[ecoop-info] CFP: IEEE Software - 1st Special Issue on Release Engineering

Bram Adams bram.adams at polymtl.ca
Mon May 5 17:38:09 CEST 2014

[Apologies for duplicate reception of this CFP]


Submission Deadline: 1 August 2014
Publication: March/April 2015

More Information: http://releng.polymtl.ca/RELENG2014/html/SI.html

Software used to be released in shrink-wrapped form, but the advent of agile
methodologies and the web has overhauled the landscape. For example, a project
like Mozilla Firefox releases every 6 weeks, generating updates for dozens of
existing versions on 5 desktop, 2 mobile and 3 mobile desktop platforms, each of
which for more than 80 locales. In other words, deployment of modern
applications requires coordinating the release of applications on multiple
mobile platforms, web platforms with centralized backend services, and native
desktop clients. Furthermore, concepts like continuous delivery of software are
no longer curiosities, but essential to retain a competitive edge.

Release engineering deals with all activities in between regular development and
actual usage of a software product by the end user, i.e., integration, build,
test execution, packaging and delivery of software. Although research on this
topic goes back for decades, the increasing heterogeneity and variability of
software products along with the recent trend to reduce the release cycle to
days or even hours starts to question some of the common beliefs and practices
of the field.

The IEEE Software Special Issue on Release Engineering solicits experience
reports and papers on tools, methods, practices and techniques to streamline
release engineering. We especially welcome submissions targeting recent
challenges like continuous delivery and heterogeneous platform support, but the
Special Issue is open to any of the following topics:

 * best practices for code movement (branching/integration)
 * continuous integration and testing
 * build and configuration of software
 * build system maintenance
 * testing and reporting infrastructures
 * package and dependency management
 * legal signoff and bill-of-materials
 * delivery and deployment of software
 * code signing and certificate management
 * continuous delivery, deployment, installation and software update
 * cloud provisioning and management
 * cloud service release management
 * interaction with app stores
 * mobile app release management
 * principles and automated techniques for release planning
 * release engineering for product line systems
 * devops and interaction with developers, end users, etc.
 * devops practices and tools
 * large-scale build and test farms
 * multi-platform build and test
 * feedback on continuous delivery and deployment

The goals for this Special Issue are three-fold:

 * making researchers aware of the challenges and research opportunities, and
    practitioners aware of research in release engineering
 * sharing experiences with practical approaches, tools, methods and techniques for
    release engineering
 * building connections between different communities involved in release engineering.

In an effort to engage with practitioners, one of the co-organizers of the
Special Issue is a release engineer at Mozilla and one half of the reviewers
will consist of release engineers, so we guarantee that each paper or abstract
submission receives at least one review from a practitioner.

Full submissions for the Special Issue must not exceed 5,400 words including
figures and tables, which count for 200 words each.
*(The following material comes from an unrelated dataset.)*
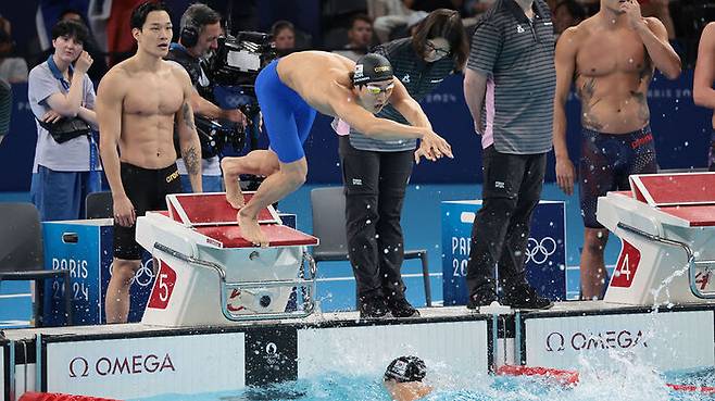 ▲ 2024 파리올림픽 수영 남자 800m 계영 예선전 힘차게 출발하는 마지막 주자 김우민

Submissions in excess of
these limits may be rejected without refereeing. The articles we deem within the
theme and scope will be peer-reviewed and are subject to editing for magazine
style, clarity, organization, and space. We reserve the right to edit the title
of all submissions. Be sure to include the name of the theme or Special Issue
you are submitting for.

We also solicit short “practice” papers from practitioners that contain
experience reports. These papers do not need to make a research contribution,
but should instead present the experiences of a practitioner or practitioners by
describing things such as current release processes used, challenges faced,
solutions attempted, and/or results obtained. Practice papers should not exceed
3,500 words.

Articles should have a practical orientation and be written in a style
accessible to practitioners. Overly complex, purely research-oriented or
theoretical treatments are not appropriate. Articles should be novel. IEEE
Software does not republish material published previously in other venues,
including other periodicals and formal conference/workshop proceedings, whether
previous publication was in print or in electronic form.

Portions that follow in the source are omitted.